Build an empty index for `dim`-component vectors compared under `metric`.

**Errors:** [`InvalidConfig`](https://docs.rs/iqdb-types/latest/iqdb_types/enum.IqdbError.html#variant.InvalidConfig)
on `dim == 0`, `m == 0`, `ef_construction < m`, `ef_search == 0`, or
`filter_widen == 0`.

```rust
use iqdb_hnsw::{HnswConfig, HnswIndex};
use iqdb_index::Index;
use iqdb_types::DistanceMetric;

let idx = HnswIndex::new(3, DistanceMetric::Cosine, HnswConfig::default()).unwrap();
assert_eq!(idx.dim(), 3);
assert!(idx.is_empty());
```

### Accessors

```rust
pub fn dim(&self) -> usize;            // configured dimensionality
pub fn metric(&self) -> DistanceMetric; // configured metric
pub fn len(&self) -> usize;            // searchable (non-tombstoned) vectors
pub fn is_empty(&self) -> bool;        // len() == 0
pub fn config(&self) -> HnswConfig;    // a Copy snapshot of the config
```

### The `IndexCore` operations

`HnswIndex` implements the full [`IndexCore`] surface: `insert`, `delete`,
`search`, `insert_batch` / `search_batch` (trait defaults), `len`, `is_empty`,
`dim`, `metric`, `flush` (a no-op — purely in-memory), and `stats`.

- **`insert(id, vector, metadata)`** — adds a node via INSERT-NODE (Alg 1). The
  `Arc<[f32]>` is stored verbatim (zero-copy). Returns
  [`DimensionMismatch`]https://docs.rs/iqdb-types/latest/iqdb_types/enum.IqdbError.html#variant.DimensionMismatch
  on a length mismatch and
  [`Duplicate`]https://docs.rs/iqdb-types/latest/iqdb_types/enum.IqdbError.html#variant.Duplicate
  on a repeated id.
- **`delete(id)`** — tombstones the node: removed from results, retained in
  traversal for connectivity.
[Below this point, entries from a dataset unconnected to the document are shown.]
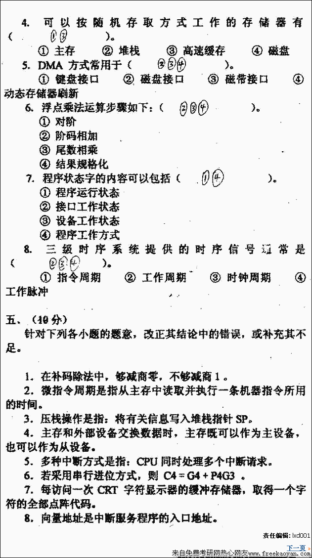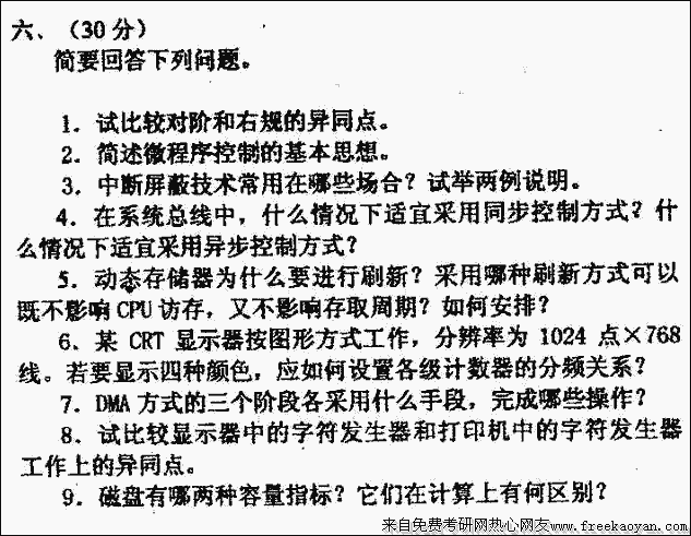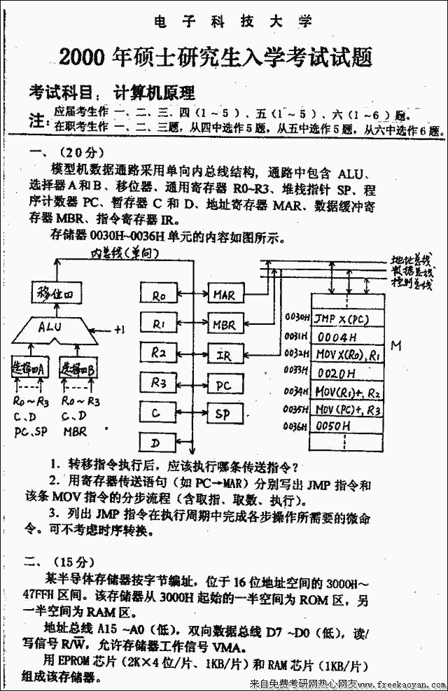 专业课考研经验 本站小编 FreeKaoyan 2018-01-22电子科技大学2001年考研真题-计算机原理
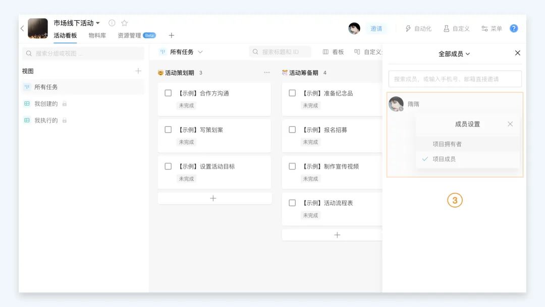 企业拥有者进入项目后,在成员设置中将自己设为「项目拥有者」,就可以进行项目管理了!
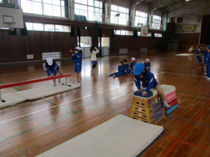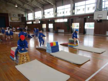体育の学習では、「跳び箱遊び」に取り組んでいます。跳び箱が2つ並んでいるコースや、平均台のコースなど、用意されたさまざまなコースを楽しく跳んでいます。
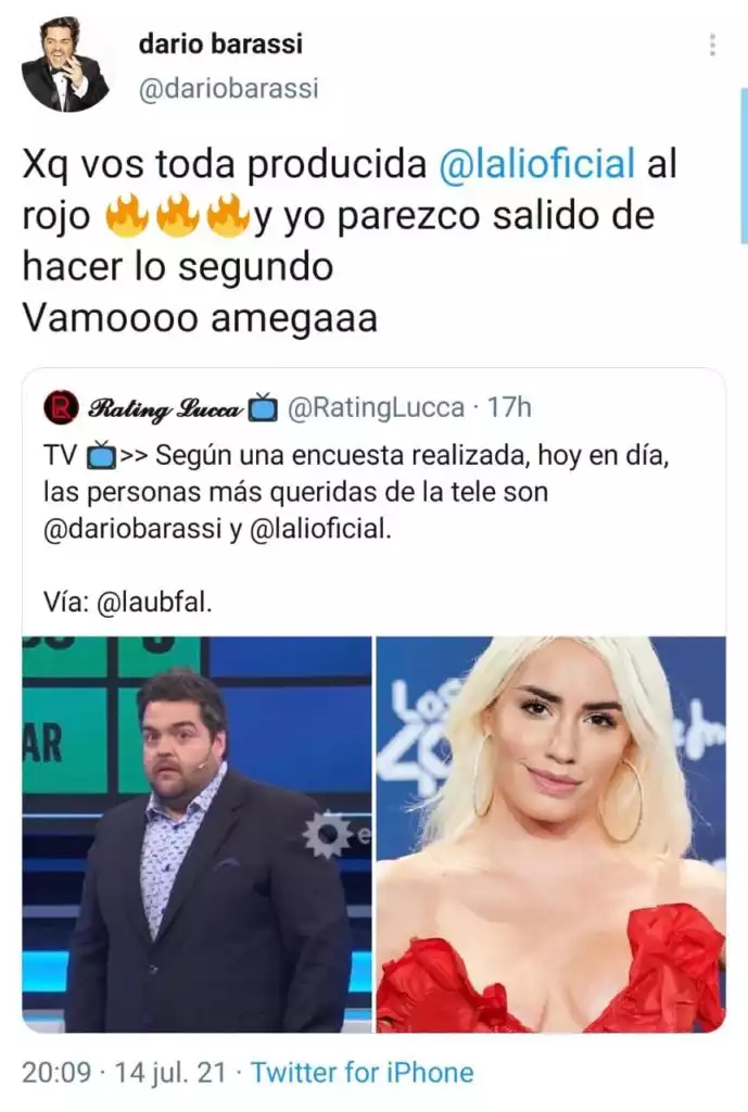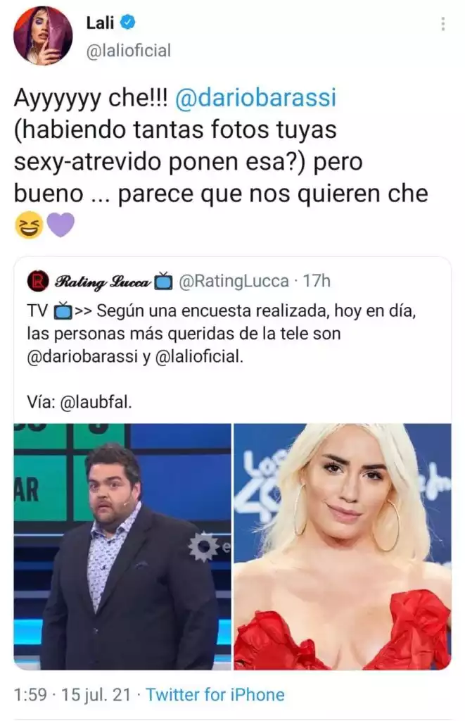 Enterados de la encuesta, ambos no dudaron en replicarlo en sus cuentas de Twitter e incluso intercambiar pícaros mensajes. El actor fue el primero en reclamar por la elección de su foto en el tweet sobre la encuesta. "¿Por qué vos toda producida al rojo fuego y yo parezco salido de hacer lo segundo? ¡Vamos amiga!", escribió agregándole su cuota de humor sobre su fotografía en "110 argentinos dicen" y la de Lali durante una red carpet de una premiación.

Returns
  [`NotFound`]https://docs.rs/iqdb-types/latest/iqdb_types/enum.IqdbError.html#variant.NotFound
  if the id is not live. `len()` decrements.
- **`search(query, params)`** — top-`k` beam search; see
  [Result ordering]#result-ordering--determinism and [Filter handling]#filter-handling.

```rust
# use std::sync::Arc;
# use iqdb_hnsw::{HnswConfig, HnswIndex};
# use iqdb_index::{Index, IndexCore};
# use iqdb_types::{DistanceMetric, SearchParams, VectorId};
# fn main() -> iqdb_types::Result<()> {
let mut idx = HnswIndex::new(2, DistanceMetric::Euclidean, HnswConfig::default())?;
idx.insert(VectorId::from(1u64), Arc::<[f32]>::from(&[0.0, 0.0][..]), None)?;
idx.insert(VectorId::from(2u64), Arc::<[f32]>::from(&[9.0, 0.0][..]), None)?;
assert_eq!(idx.len(), 2);

idx.delete(&VectorId::from(2u64))?;
assert_eq!(idx.len(), 1);
let hits = idx.search(&[0.0, 0.0], &SearchParams::new(5, DistanceMetric::Euclidean))?;
assert!(hits.iter().all(|h| h.id != VectorId::U64(2))); // tombstoned, never returned
# Ok(()) }
```

### Diagnostics

```rust
pub fn node_layer_histogram(&self) -> Vec<usize>;
```

A histogram of assigned top layers across every node ever inserted (including
tombstoned). `out[L]` is the count of nodes whose top layer is exactly `L`. At a
non-trivial corpus the histogram decays geometrically with rate `1 / m`. Exposed
for diagnostics and determinism testing; the data it reflects is internal and
stable only within a given seed.

---

## Result ordering & determinism

[`Hit::distance`](https://docs.rs/iqdb-types/latest/iqdb_types/struct.Hit.html) is
**smaller-is-nearer** for all five metrics, and `search` returns hits best-first.
Distance math is delegated to
[`iqdb_distance::compute_batch`](https://docs.rs/iqdb-distance); HNSW never
reimplements a metric. For `DotProduct` (a similarity — larger is more similar)
the raw inner product is **negated at the boundary**, so one ordering invariant
holds across the whole family.

Construction is **deterministic**: the layer-assignment PRNG is a hand-rolled
SplitMix64 seeded from [`HnswConfig::seed`] (no external `rand`). Identical insert
order + identical seed produces a byte-identical graph and identical query
results, on every platform.

---

## Filter handling

When `SearchParams::filter` is set, it is evaluated through
[`iqdb_filter`](https://docs.rs/iqdb-filter) during result collection. HNSW
filtering is **post-filter**: the beam is widened by
[`HnswConfig::filter_widen`] (default `4×`) to keep enough survivors, but a highly
selective filter can still return fewer than `params.k` hits. A malformed filter,
or one exceeding the `iqdb-filter` depth / `IN`-value caps, returns
[`InvalidFilter`](https://docs.rs/iqdb-types/latest/iqdb_types/enum.IqdbError.html#variant.InvalidFilter).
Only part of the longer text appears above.